Ultra-Simple Creation: Simply upload an image and audio, and AI automatically generates a dynamic video with precise lip-sync and audio-visual synchronization — zero barriers to operation;
Professional Audio-Visual Quality: Supports generating up to 3-minute 720P HD videos, with lip-sync coverage across multiple languages and complex scenarios such as rap;
Vivid Performance: Based on proprietary lip-sync driving technology, expressions, eye movements, and body gestures can be flexibly controlled via prompts for a more engaging performance;
Broad Compatibility: Perfectly drives real human, cartoon, animal, and other types of avatars, easily handling e-commerce, education, media, marketing, and other full-scenario needs. Future versions will support multi-character lip-sync matching.
# API Reference
# Create Image Digital Human Video Synthesis Task
# API Description
Invokes algorithmic capabilities based on the content uploaded by the user for video synthesis, ultimately returning an MP4 video file for user download. The PaaS platform supports 7-day online storage; timely transfer is required, as generated content will no longer be available for download after 7 days.
# Request URL
POST
/api/2dvh/v1/material/single/image/video/create
# Request Headers
Content-Type:
application/json
# Request Parameters
| Field | Type | Required | Description |
|---|---|---|---|
videoName | String | True | Video name |
thumbnailUrl | String | False | Thumbnail URL |
param | String | True | Correct param information must be passed in to create a single-image digital human video synthesis task, including various video synthesis parameters (this parameter is a JSON-escaped string) |
# Request Example
{
"videoName": "xxx",
"param": "{\"imageUrl\":\"https://cdn.example.com/photo.png\",\"audioUrl\":\"https://cdn.example.com/sound.mp3\",\"duration\":10,\"prompt\":\"夏日海滩场景 | Summer beach scene\",\"isNewAvatar\":false,\"avatarId\":15342352346}"
}
# Response Elements
| Field | Type | Required | Description |
|---|---|---|---|
code | Integer | True | 0 - Success, Other - Error |
message | String | True | Error details |
data | Integer | False | Task ID |
# Response Example
{
"code": 0,
"message": "success",
"data": 1
}
# JSON Parameter Description
| Name | Type | Example | Required | Description |
|---|---|---|---|---|
| imageUrl | String | "" | Yes | Image download URL. It is recommended to use a 16:9 image as input; otherwise, default parameters will crop the image accordingly.
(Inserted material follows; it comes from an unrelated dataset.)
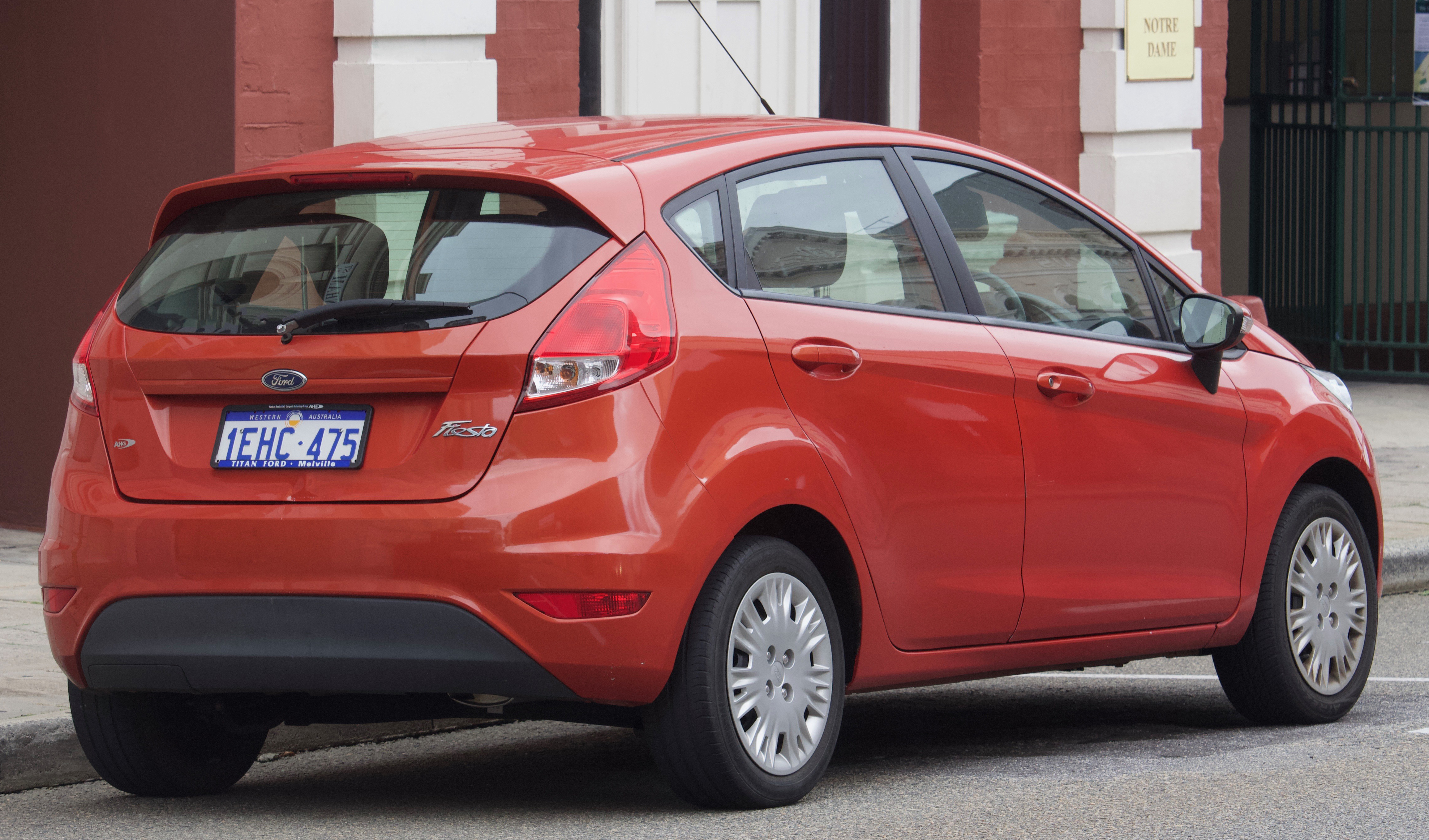 2013 Ford Fiesta (WZ) Ambiente 5-door hatchback. Photographed in Fremantle, Western Australia, Australia.

To output at the original image resolution, use the resizeMode parameter to adjust. |
| audioUrl | String | "" | Yes | Audio file download URL |
| duration | Number | 10 | Yes | Video duration (unit: seconds) |
| resizeMode | String | "adaptive" | No | adaptive: Non-standard aspect ratio images will be cropped by default before outputting the video; fixedMinSide: Outputs the video maintaining the original image aspect ratio (note: in this mode, the input image aspect ratio must be less than 1:3) |
| prompt | String | 8 | No | Prompt text |
| watermark | Object | No | Video watermark | |
| show | Boolean | True | Yes | Whether to display video watermark |
| content | String | "Test" | No | Video watermark content. If enabled but content is not provided, it will be auto-filled. |
{
"imageUrl": "https://cdn.example.com/photo.png",
"audioUrl": "https://cdn.example.com/sound.mp3",
"duration": 10,
"prompt": "夏日海滩场景 | Summer beach scene"
}
The above covers all video synthesis capabilities provided by the platform.
# Using Image Digital Human via the RuYing PaaS Console
# (1) Log in to the console, navigate to "Video Synthesis" - "Image Digital Human" page, and click "Image Digital Human Video Synthesis";

# (2) Enter the task name, upload an audio clip and an image, select the desired image digital human duration, and click "Confirm" to create the image digital human task;

# (3) On the current task page, you can view the task status. Once completed, you can check the output video.
# Generating Audio from Text
Since direct text-to-image-digital-human-video output is not yet supported, you can first generate audio from text and then create the image digital human. The specific method is:
Navigate to "Voice Synthesis" - "Voice Synthesis" page, select the speaker ID, enter the corresponding text, and click "Synthesize" to output the corresponding audio.